During SDDC Manager upgrade prechecks It fails with two errors for the ESXI precheck:

  • vsan disk component
  • vsan disk group mode

 

  • In /var/log/vmware/vcf/operationsmanager/operationsmanager.log, the below is seen:

2024-04-04T09:56:05.989+0000 DEBUG [vcf_om,7bc8743d140d8,1b3c] [c.v.v.b.p.updaters.PropertyUpdater,pool-2-thread-4] Executing updater method vsanPhysicalDiskComponentHealth of updater VsanPhysicalDiskHealthUpdater, updaterInfo is {"entityType":"cluster","entityName":"Cluster01","propertyName":"vsanPhysicalDiskComponentHealth","isMandatory":true}
2024-04-04T09:56:05.990+0000 ERROR [vcf_om,7bc8743d160d8,1b3c] [c.v.v.b.p.updaters.PropertyUpdater,pool-2-thread-4] Failed to execute updater method vsanPhysicalDiskComponentHealth on entity CLuster01 of type cluster from vcenter.vmware.com due to an exception {}
java.lang.reflect.InvocationTargetException: null

Caused by: java.lang.IllegalStateException: Failed to find group test with id com.vmware.vsan.health.test.componentmetadata in group with id com.vmware.vsan.health.test.physicaldisks

  • The precheck failed with the "Severity" level as "WARNING"

         {
                      "id": "physical-disk-component-health",
                      "constraintExpression": "vsanPhysicalDiskComponentHealth=='green' or vsanPhysicalDiskComponentHealth=='info'",
                      "description": "Checks whether vSAN has encountered an integrity issue of the metadata of a component on a disk for this cluster",
                      "name": "vSAN disk component",
                      "validationCode": "ClusterPerspectiveResourceConstraintsMessages.PHYSICAL_DISK_COMPONENT_HEALTH",
                      "validationSucceededMessage": "All vSAN components are healthy",
                      "validationFailedMessage": "vSAN has encountered an integrity issue of the metadata of a component on a disk for this cluster",
                      "remediationMessage": "This could be due to faulty drives, faulty controller or a misbehaving device driver, but could also originate from a problem in the vSAN software. The best course of action is to engage VMware Support",
                      "severity": "WARNING"
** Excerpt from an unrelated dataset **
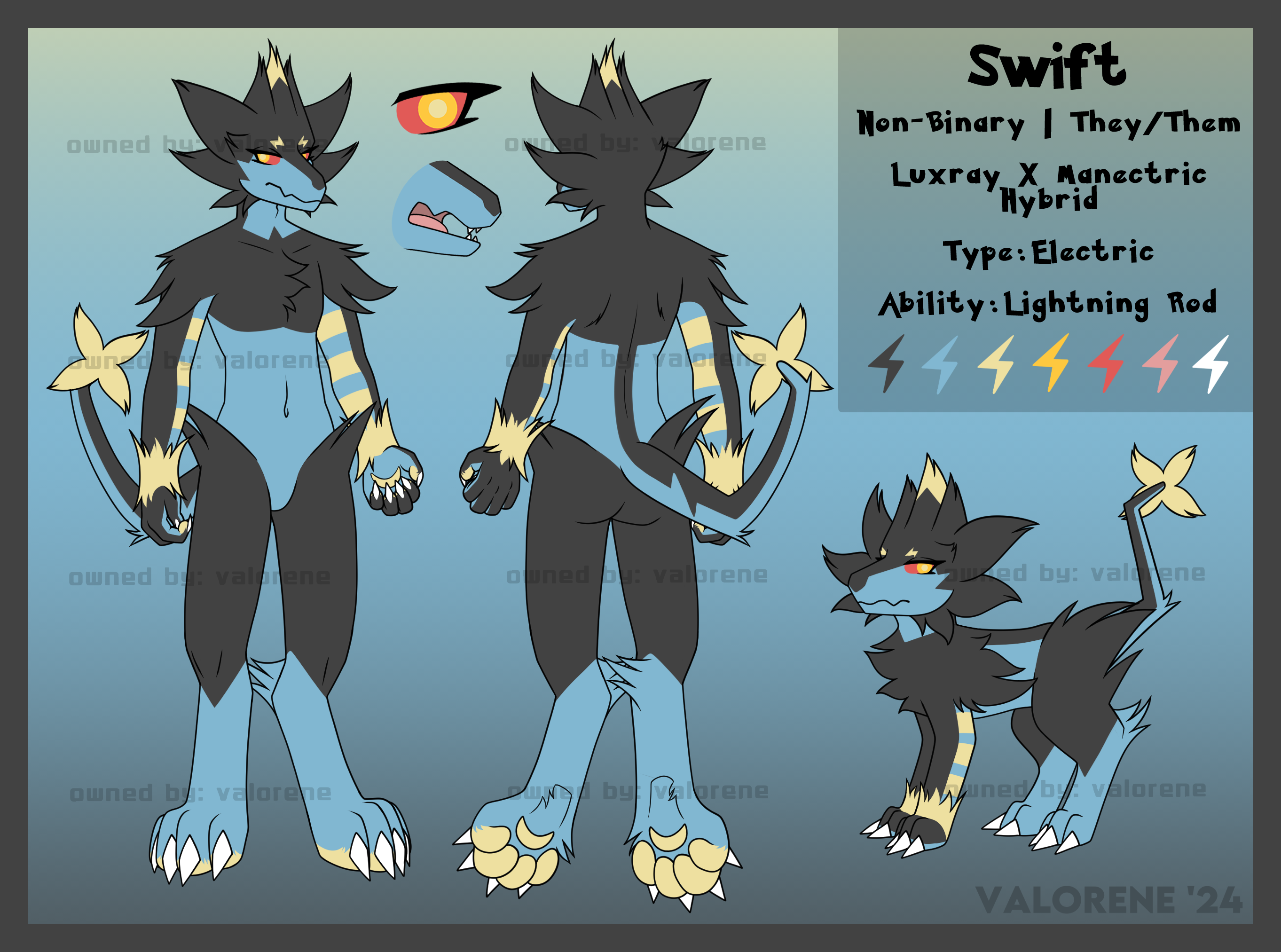 • A new personal character design! They're a Luxray × Manectric Pokémon hybrid.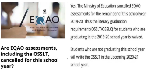 2. 針對12年級在讀的學生,安省教育廳已經(jīng)充分考慮到了疫情的影響,做出了針對畢業(yè)班學生的重大決定-取消今年-2019-2020學年度的“安省中學生英語統(tǒng)考”(OSSLT)。由于該考試及格是安省中學畢業(yè)、報考大學的必要條件,教育廳同時宣布,對于預計今年高中畢業(yè)的學生,OSSLT的畢業(yè)要求將被免除。也就是說,他們集體算為“及格”,只要滿足其他條件,可以正常拿到畢業(yè)證。

A Similar exception for disk group mode:

  • In /var/log/vmware/vcf/operationsmanager/operationsmanager.log, the below is seen: 

2024-04-04T09:56:06.029+0000 ERROR [vcf_om,7bc874d40d8,1b3c] [c.v.v.b.p.updaters.PropertyUpdater,pool-2-thread-4] Failed to execute updater method vsanControllerDiskGroupModeVmwareCertifiedStatus on entity CLuster01 of type cluster from vcenter.vmware.com due to an exception {}
java.lang.reflect.InvocationTargetException: null

Caused by: java.lang.IllegalStateException: Failed to find group test with id com.vmware.vsan.health.test.controllerdiskmode in group with id com.vmware.vsan.health.test.hcl

Environment

VCF 5.x 

Cause

  • Since VSAN ESA feature was introduced in SDDC Manager, Operations manager (precheck assessment) logs are looking for hcl.controllerdiskmode and physicaldisks.componentmetadata and since we don't find them in the results, we report them as failures.
  • We do not have controllerdiskmode and componentmetadata health for the cluster because it's an ESA cluster. We have different health checks for OSA and ESA Clusters

Resolution

  • For ESA clusters controllerdiskmode and componentmetadata health checks errors are not valid and can be ignored
  •  If the upgrade fails with same checks we will need to set the following steps
    1. Take a snapshot of the SDDC Manager
    2. Login to SDDC Manager Login using vcf,  and su -
    3. Change into the following directory:
    cd /opt/vmware/vcf/lcm/lcm-app/conf/
    1. Edit the file:
    vi application-prod.properties
    1. Search for the term: vsan
    2. Change the values from true to false
    Example changes:

    vsan.healthcheck.enabled=false
    vsan.hcl.update.enabled=false
    vsan.precheck.enabled=false
    1. Save the file
    2. Restart the LCM service:
    systemctl restart lcm